The skeleton is a highly vascularized and cellular tissue that serves as an ion reservoir of calcium, phosphate, and (to a lesser extent) magnesium; the exquisitely orchestrated balance between creating and removing bone tissue defines the process of bone remodeling that enables the adult skeleton to maintain its integrity and strength. The pediatric skeleton also demonstrates bone modeling, which permits bones to grow and reshape according to both genetic and environmental influences. Integrated with this activity is the ability to respond to external signaling in order to regulate calcium and phosphorus homeostasis. The complexity of the intimate and intricate interactions performed by the cellular elements of bone throughout the life of an individual is only recently becoming appreciated, and much about it remains to be elucidated.

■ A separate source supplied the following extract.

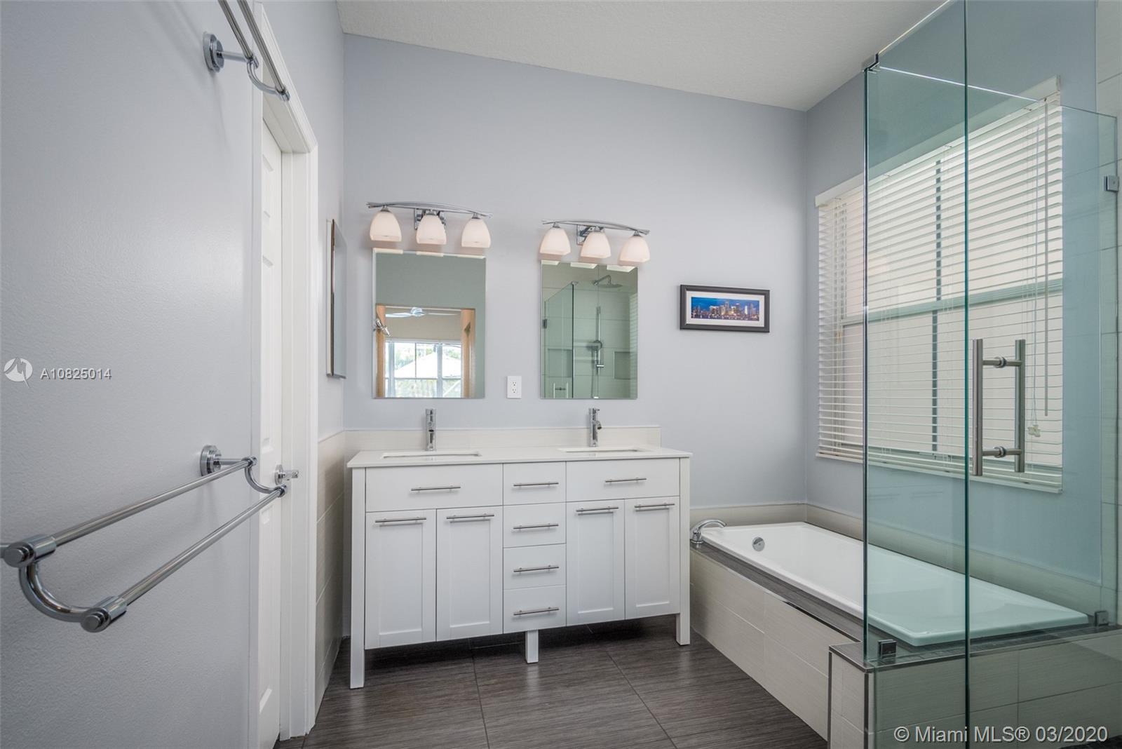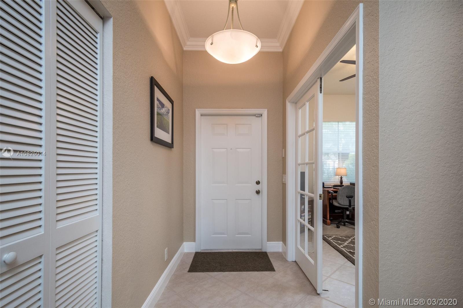 Serene backyard oasis, with pool, hot tub and water views that feels like another living room with the included outdoor tv and furniture. Large french doors that fully open to views of pool and water and create an indoor/outdoor feel in the open floor plan. Professionally tinted windows and doors increase daytime cooling efficiency and privacy. New high efficiency, 2 stage AC and Pool heater (2016). Bright white crown moldings and raised baseboards against neutral wall coloring create a resort like feel. Accordion shutters on windows and doors allow for low stress hurricane prep.

Osteoblasts, Osteocytes, and Osteoclasts

The two fundamental processes occurring in bone are 1) modeling, which occurs during growth and results in the enlargement and reshaping of the skeleton to assume the final adult dimensions, and 2) remodeling, which occurs throughout life and involves removal for homeostatic needs, in response to changes in physical stress, and for replacement with no net change in bone mass. Three cells are central to these processes. The osteoblast secretes bone matrix and initiates bone formation, the osteocyte is an aged osteoblast that has become entombed within the newly created bone and maintains a network of communication throughout the bone, and the osteoclast is responsible for bone resorption (Figure 40-1). The osteoblast and osteoclast are both derived from embryonic progenitors within the bone marrow, but from distinctly different stem cell lines. Hence the initiating factors for differentiation of one or the other cell type, as well as cellular responsiveness to extracellular messengers, differ. Moreover, it appears that the osteoblast regulates osteoclastic activity through cell–cell interactions, thus coordinating the creative and destructive activities that ensure the development and maintenance of the necessary shapes of specific bones of the skeleton.

FIGURE 40-1.

Developmental stages of osteoblast and osteoclast production. Each type of bone cell arises from distinct embryonic cell lines, which underscores the distinct nature of their functions. The osteoblast derives from bone marrow multipotent mesenchymal stem cells (MMSCs), acted on by a family of cytokines factors called bone morphogenetic proteins (BMPs) to become converted into a precursor osteoblast (POB). The mature, or active, osteoblast (O) migrates to the bone surface, where it secretes the bone matrix materials. With continued secretion and bone remodeling, some osteoblasts are trapped within the matrix and are entombed, becoming osteocytes (OCs) and communicating with the surface osteoblasts by means of syncytial processes extending through the canaliculi. The osteoclast, in contrast, emerges from the hematopoietic stem cell (HSC), a process initiated by macrophage colony-stimulating factor (M-CSF) as a precursor osteoclast (POC). Under the direction of many stimulating factors, especially RANK-L produced by the precursor osteoblast, the ...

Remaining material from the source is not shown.